_Problem requirements_
Pull out every line from the line containing "Microsoft Office Professional" through the end of the material, both ends included, and reproduce it exactly. Keep pictures out.

============================================================

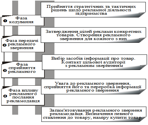 Рис. 3.1. Загальноприйнята схема класичної реклами товару Класична реклама товару використовує жорсткі та м’які підходи до потенційного споживача. Для кращого розуміння цілей та задач класичної реклами фахівці розкладають процес рекламної комунікації на окремі фази та визначаються щодо поведінки та впливу на споживача у кожній з цих фаз (рис. 3.2). На першій фазі перед поширенням рекламної інформації відбувається вироблення концепції реклами та кодування інформації, яку хоче надіслати виробник своєму потенційному споживачеві. У період другої фази процесу рекламної комунікації відбувається передача рекламного звернення носів реклами, який має поширення та відомість серед цільової аудиторії виробника та його товару [20]. У третій фазі відбувається контакт цільової аудиторії з рекламним зверненням виробника. Сприйняття та обробка інформації та її декодування залежать від зацікавленості у рекламі та самому товарі з боку потенційного споживача. На фазі воздействия відбувається запам’ятовування рекламного звернення та його тексту потенційним споживачем зі зміною або стабілізацією переваг у ставленні до товару виробника та зміною або стабілізацією поведінки споживача щодо цього товару.
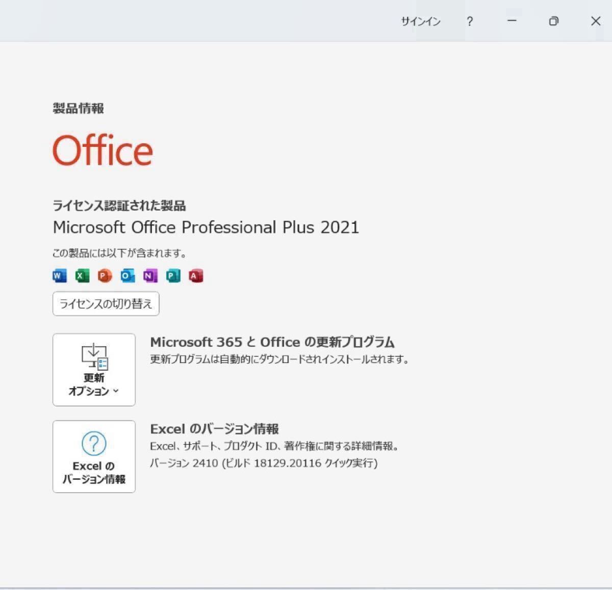 Microsoft Office Professional Plus 2021 インストール済み。ライセンス済みの製品なのでオフィスずーっと使えます。
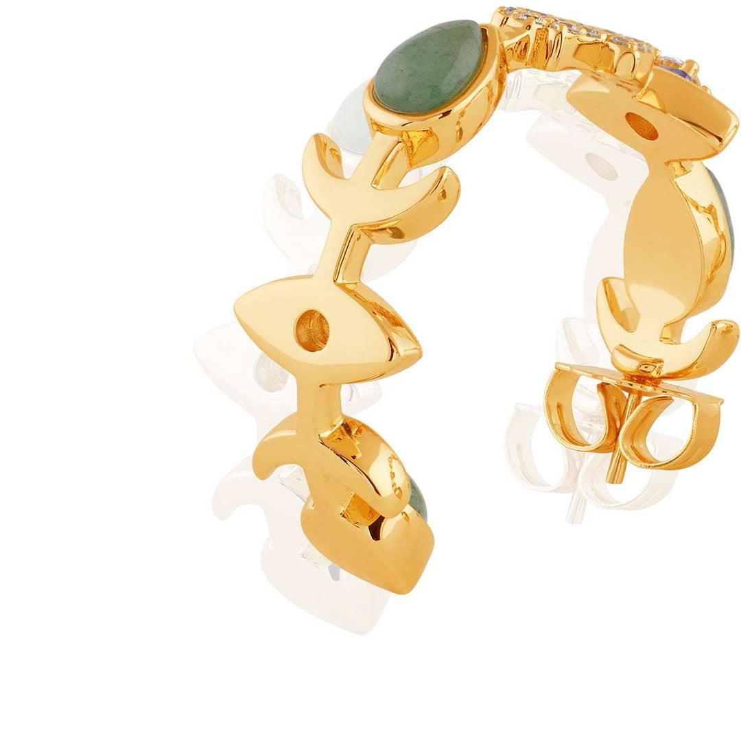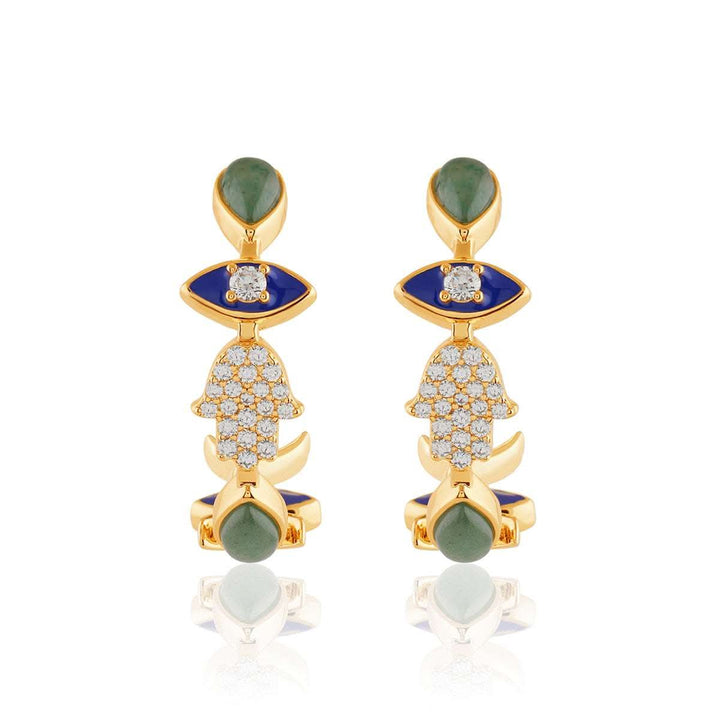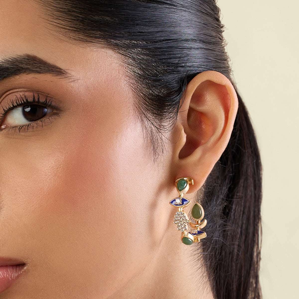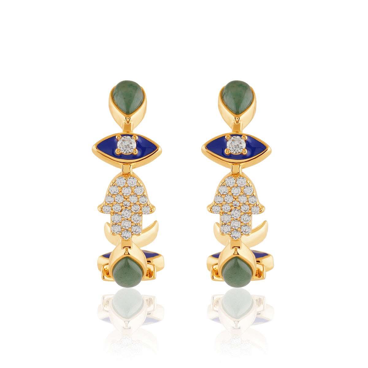 The Soul Shield Danglers are crafted in 18k gold-plated brass with blue enamel, green aventurine, and crystal zirconia. Hypoallergenic and bold, they’re infused with spiritual energy and unmatched elegance.
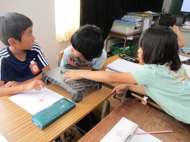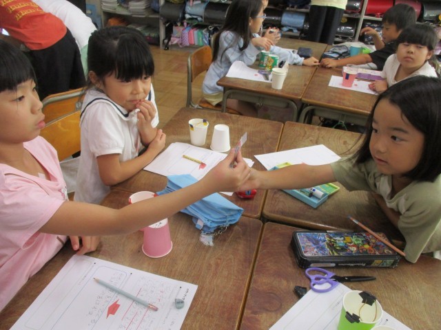 生活科で作ったおもちゃをより高く、より速く、よりおもしろくするために、みんなにアドバイスをもらいました。自分のおもちゃと友達のおもちゃの違いを見つけて、比べながら、次にどんな工夫をしたよいのかをみんなで考えました。さぁ、次の生活科の時間はパワーアップタイムです!楽しみですね。
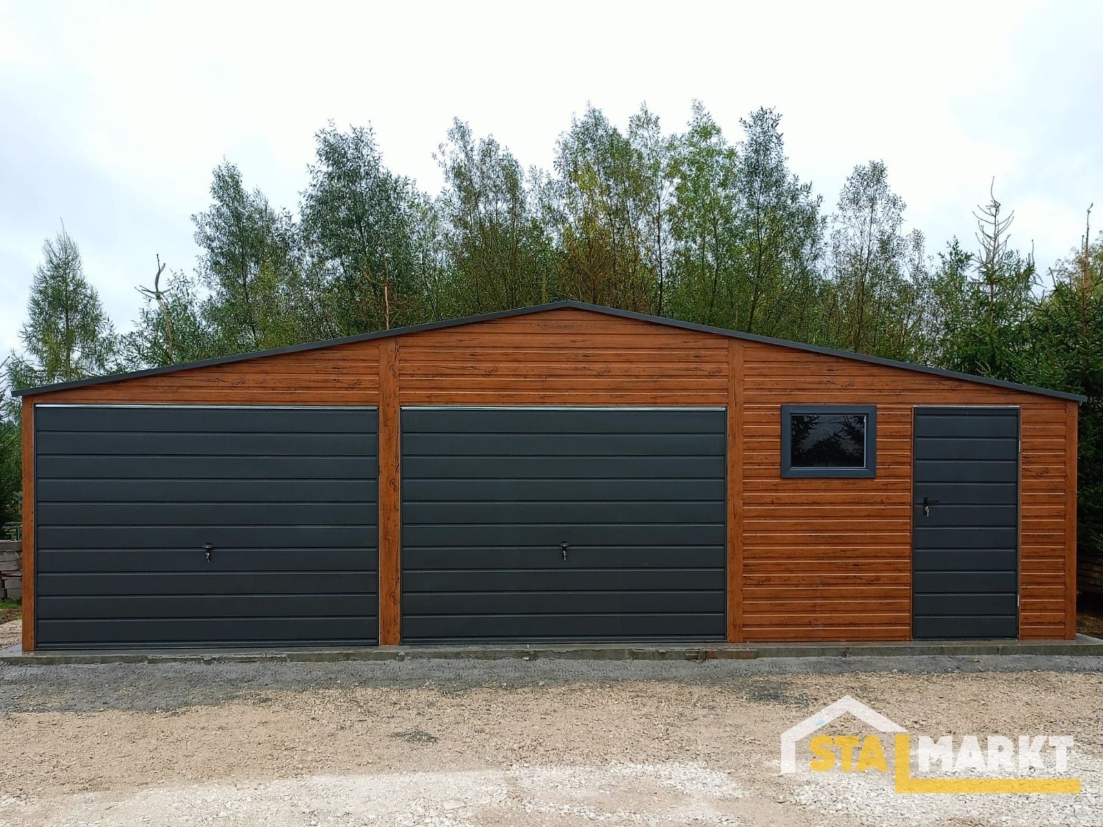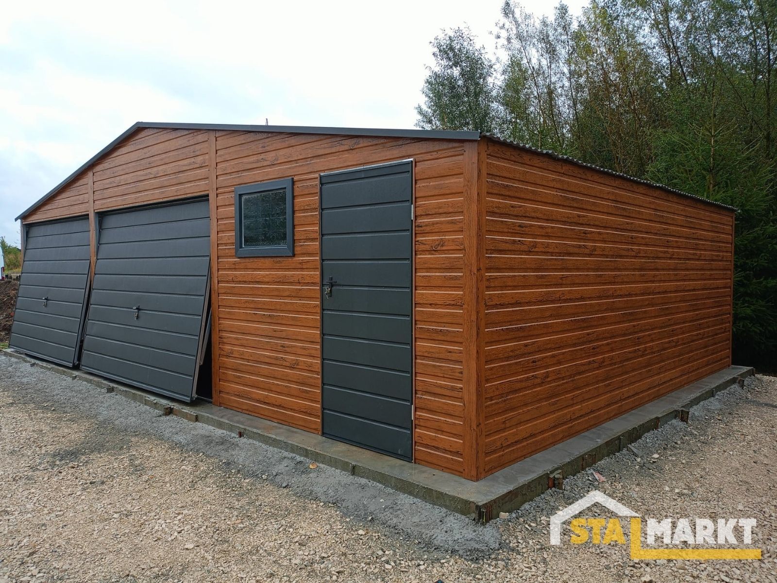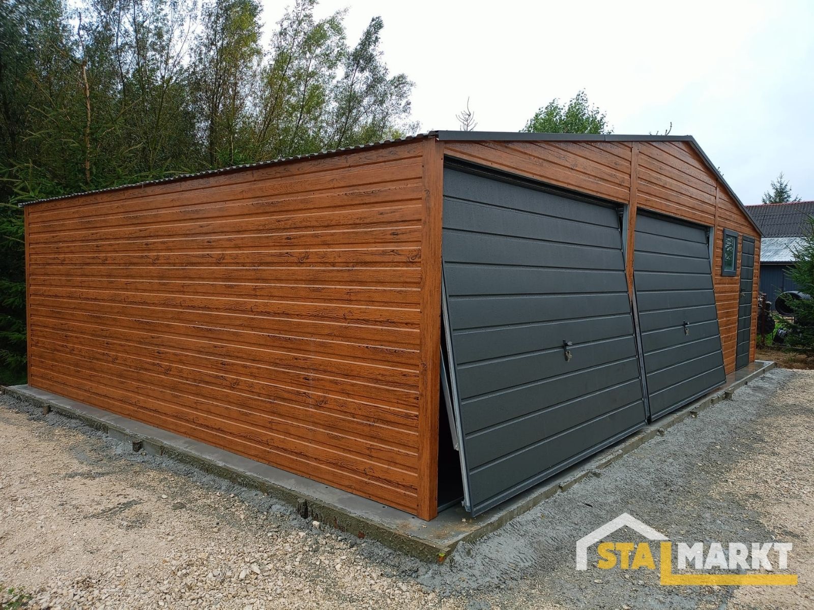 Nowoczesne wykończenie w kolorze drewna, solidna konstrukcja i wygodny układ z bramami oraz drzwiami bocznymi zapewniają komfort użytkowania i trwałość na lata. Idealne rozwiązanie dla tych, którzy chcą połączyć estetykę z funkcjonalnością.

============================================================

_Output below_
 Microsoft Office Professional Plus 2021 インストール済み。ライセンス済みの製品なのでオフィスずーっと使えます。
 The Soul Shield Danglers are crafted in 18k gold-plated brass with blue enamel, green aventurine, and crystal zirconia. Hypoallergenic and bold, they’re infused with spiritual energy and unmatched elegance.
 生活科で作ったおもちゃをより高く、より速く、よりおもしろくするために、みんなにアドバイスをもらいました。自分のおもちゃと友達のおもちゃの違いを見つけて、比べながら、次にどんな工夫をしたよいのかをみんなで考えました。さぁ、次の生活科の時間はパワーアップタイムです!楽しみですね。
 Nowoczesne wykończenie w kolorze drewna, solidna konstrukcja i wygodny układ z bramami oraz drzwiami bocznymi zapewniają komfort użytkowania i trwałość na lata. Idealne rozwiązanie dla tych, którzy chcą połączyć estetykę z funkcjonalnością.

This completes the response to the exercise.